Playing Mona Lisa is a 2000 comedy film directed by Matthew Huffman and starring Alicia Witt, Harvey Fierstein, Johnny Galecki, Elliott Gould, Marlo Thomas, Molly Hagan and Brooke Langton. It is based on a play by Marni Freedman.

Plot
Everything goes wrong all at once in gifted 23-year-old pianist Claire Goldstein's life. San Francisco has an earthquake, she loses her apartment, her boyfriend Jeremy dumps her and she misses out on an important piano competition.

Claire is forced to move home with her parents (Marlo Thomas, Elliott Gould), where sister Jenine (Molly Hagan) is busy planning a wedding.
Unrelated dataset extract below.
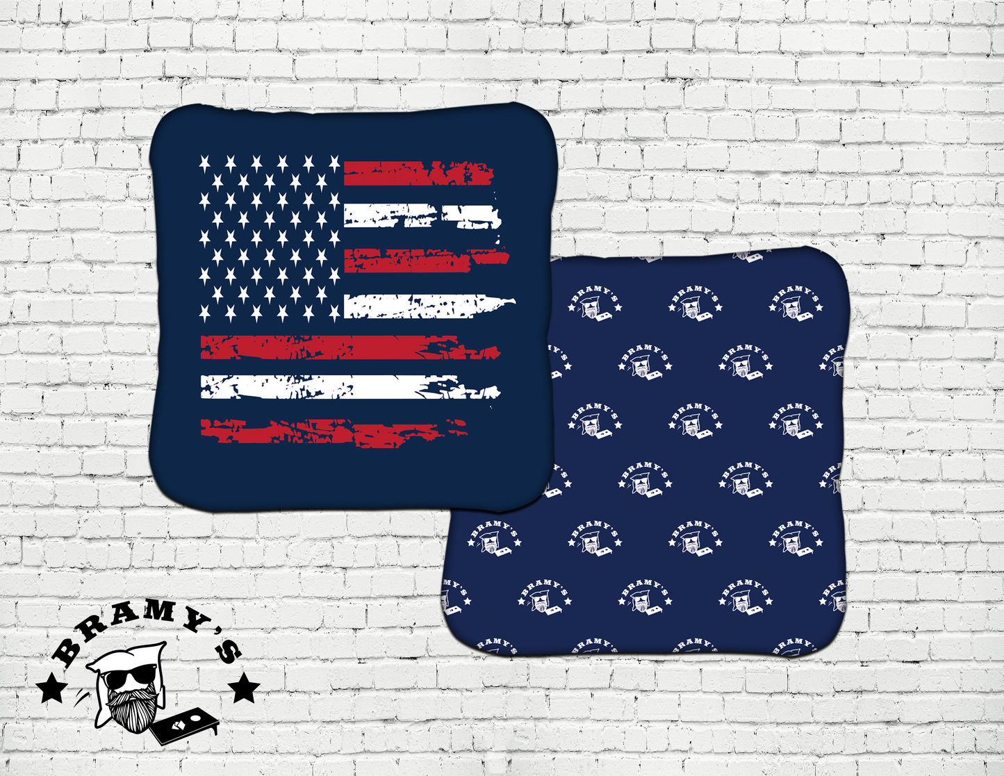 Our 'Merica Flag Bags have been designed, created, and handmade completely by Bramy's. All of these bags are filled with pro-resin and made with a durable poly weave/ carpet material. The bags have a triple-stitched closure for added quality and durability. They meet ACA standards, but are not stamped.
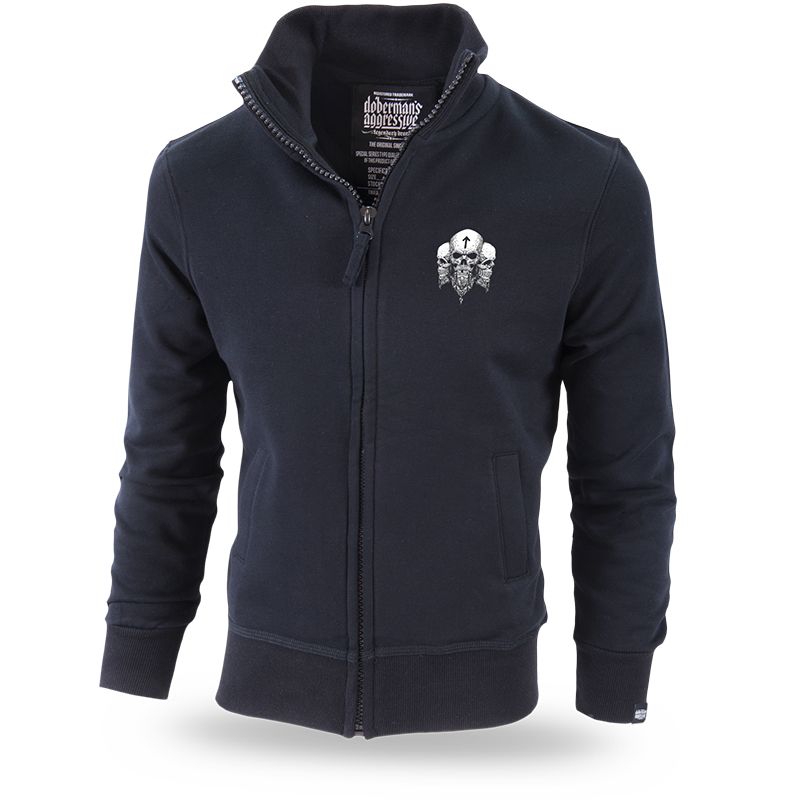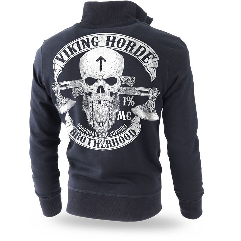 Klasická pánska mikina na zips, vyrobená z vysoko kvalitnej bavlny. Pri rukávov a v dolnej časti mikiny sú odolné sťahovacie lemy. Vo vnútri mikiny je malá nášivka s logom značky Dobermans Aggressive. Na prednej strane sú vyobrazené tri lebky. Zadnú časť mikiny pokrýva vzor, ktorý nadväzuje na severskú mytológiu. Uprostred sa nachádza lebka Vikinga so sekerami. Na stranách sú vlajky so sloganmi Viking Horde a Brotherhood. Model je z kolekcie Vikings.

Claire's mom is into the occult, her teacher (Harvey Fierstein) tries to arrange auditions and friends try to hook her up with a new romantic prospect, Eddie, adding to the complications in her life.

Cast

Production

Development and writing
Based on Marni Freedman's play Two Goldsteins on Acid.

Filming
Shot in San Francisco in the spring of 1999.

Musical score
Composed by Carlos Rodriguez the film's score includes a variety of music.  From contemporary songs to classical piano, salsa, and polka.

Release
Released in San Francisco October 27, 2000.

Marketing
Shown at Gen Art Film Festival in New York City April 26 - May 2, 2000.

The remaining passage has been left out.